Отправной точкой является скептицизм в отношении того, что Кукельберг называет подходом «свойств»: определение (прямого) морального положения, основанного на свойствах сущности. Например, вполне может быть, что у роботов нет сознания, но как мы действительно узнаем? Насколько мы уверены в внутренних свойствах человека? Как мы можем быть уверены, что сущность обладает особыми внутренними свойствами, учитывая, что мы не можем заглянуть в чей-то разум и не можем быть уверены во внутренних состояниях других сущностей.

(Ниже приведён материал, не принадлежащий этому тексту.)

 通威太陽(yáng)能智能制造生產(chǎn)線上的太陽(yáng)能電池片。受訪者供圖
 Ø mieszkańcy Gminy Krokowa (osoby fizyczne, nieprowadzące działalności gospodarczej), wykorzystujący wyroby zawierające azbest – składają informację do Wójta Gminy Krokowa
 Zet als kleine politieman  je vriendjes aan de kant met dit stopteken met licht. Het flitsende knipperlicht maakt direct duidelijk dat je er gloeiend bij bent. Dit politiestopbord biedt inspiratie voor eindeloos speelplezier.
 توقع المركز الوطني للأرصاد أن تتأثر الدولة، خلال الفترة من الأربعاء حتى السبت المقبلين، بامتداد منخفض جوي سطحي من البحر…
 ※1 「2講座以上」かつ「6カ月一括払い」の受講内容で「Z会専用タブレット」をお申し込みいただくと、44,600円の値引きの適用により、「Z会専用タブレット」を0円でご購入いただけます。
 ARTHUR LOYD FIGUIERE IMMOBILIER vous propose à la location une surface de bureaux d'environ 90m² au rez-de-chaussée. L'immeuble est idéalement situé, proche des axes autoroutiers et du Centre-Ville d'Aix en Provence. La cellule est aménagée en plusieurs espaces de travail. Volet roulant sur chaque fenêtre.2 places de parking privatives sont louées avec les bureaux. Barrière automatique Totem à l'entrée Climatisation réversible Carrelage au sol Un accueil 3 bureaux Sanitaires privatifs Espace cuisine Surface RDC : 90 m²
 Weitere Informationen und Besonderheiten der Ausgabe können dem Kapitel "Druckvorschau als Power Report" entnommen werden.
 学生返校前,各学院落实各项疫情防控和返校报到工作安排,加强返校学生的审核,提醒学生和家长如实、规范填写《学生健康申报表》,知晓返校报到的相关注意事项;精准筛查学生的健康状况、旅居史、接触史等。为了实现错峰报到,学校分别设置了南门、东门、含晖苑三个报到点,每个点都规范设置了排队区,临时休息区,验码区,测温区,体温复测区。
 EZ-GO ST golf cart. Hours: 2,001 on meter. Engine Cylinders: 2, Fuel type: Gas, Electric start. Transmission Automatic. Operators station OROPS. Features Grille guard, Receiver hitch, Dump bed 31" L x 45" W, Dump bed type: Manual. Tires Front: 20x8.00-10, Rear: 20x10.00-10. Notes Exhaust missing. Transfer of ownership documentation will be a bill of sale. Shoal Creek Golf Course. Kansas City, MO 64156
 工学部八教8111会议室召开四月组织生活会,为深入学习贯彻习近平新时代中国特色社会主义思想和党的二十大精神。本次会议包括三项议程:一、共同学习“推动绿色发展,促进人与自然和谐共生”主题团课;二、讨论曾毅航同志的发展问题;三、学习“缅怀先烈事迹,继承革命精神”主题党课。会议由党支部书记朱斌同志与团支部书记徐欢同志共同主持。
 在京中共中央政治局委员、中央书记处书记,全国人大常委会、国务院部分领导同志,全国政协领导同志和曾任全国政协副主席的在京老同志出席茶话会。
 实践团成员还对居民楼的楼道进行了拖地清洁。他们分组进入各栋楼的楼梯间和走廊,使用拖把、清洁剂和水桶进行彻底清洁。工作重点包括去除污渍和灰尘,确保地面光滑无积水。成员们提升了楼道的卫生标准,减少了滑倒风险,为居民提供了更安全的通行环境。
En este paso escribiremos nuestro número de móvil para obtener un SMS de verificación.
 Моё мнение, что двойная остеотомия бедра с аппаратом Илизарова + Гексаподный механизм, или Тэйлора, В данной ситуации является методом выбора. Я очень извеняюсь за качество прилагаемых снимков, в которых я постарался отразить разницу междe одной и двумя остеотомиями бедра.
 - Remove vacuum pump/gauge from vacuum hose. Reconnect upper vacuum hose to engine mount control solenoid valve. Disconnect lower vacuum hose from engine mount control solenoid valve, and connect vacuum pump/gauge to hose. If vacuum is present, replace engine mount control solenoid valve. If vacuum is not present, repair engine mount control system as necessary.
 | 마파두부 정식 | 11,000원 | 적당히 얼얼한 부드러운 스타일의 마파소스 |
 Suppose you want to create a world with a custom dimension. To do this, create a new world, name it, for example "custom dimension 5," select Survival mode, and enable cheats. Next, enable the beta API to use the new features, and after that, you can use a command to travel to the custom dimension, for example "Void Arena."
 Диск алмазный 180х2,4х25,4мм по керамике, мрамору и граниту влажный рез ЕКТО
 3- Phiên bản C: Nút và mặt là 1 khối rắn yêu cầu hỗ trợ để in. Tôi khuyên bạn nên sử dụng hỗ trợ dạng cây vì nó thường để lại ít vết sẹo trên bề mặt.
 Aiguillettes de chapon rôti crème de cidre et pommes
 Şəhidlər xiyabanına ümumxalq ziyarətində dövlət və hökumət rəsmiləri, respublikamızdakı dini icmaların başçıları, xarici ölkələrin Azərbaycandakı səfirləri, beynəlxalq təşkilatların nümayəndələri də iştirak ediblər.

Отойдя от дискуссии о прямом моральном статусе и исследуя некоторые более практические и нормативные последствия реляционного подхода, эта статья рассматривает эти пробелы и предлагает четыре аргумента, почему роботам может быть дано то, что я назову «косвенным моральным положением», основанное на их внешней ценности для нас, или, точнее, на основе того, как мы относимся к ним.
Что такое аргумент "собака Канта"? Вызов, сформулированный в соответствии с примером Канта, заключается в следующем: почему мы должны избегать жестокости по отношению к нечеловеческому существу, если предполагается, что оно само по себе не имеет морального статуса?
Причина, по которой мы не должны стрелять в эту собаку, по Канту, строго говоря, не имеет ничего общего с собакой как таковой, а с нашими обязанностями и добродетелью как людей.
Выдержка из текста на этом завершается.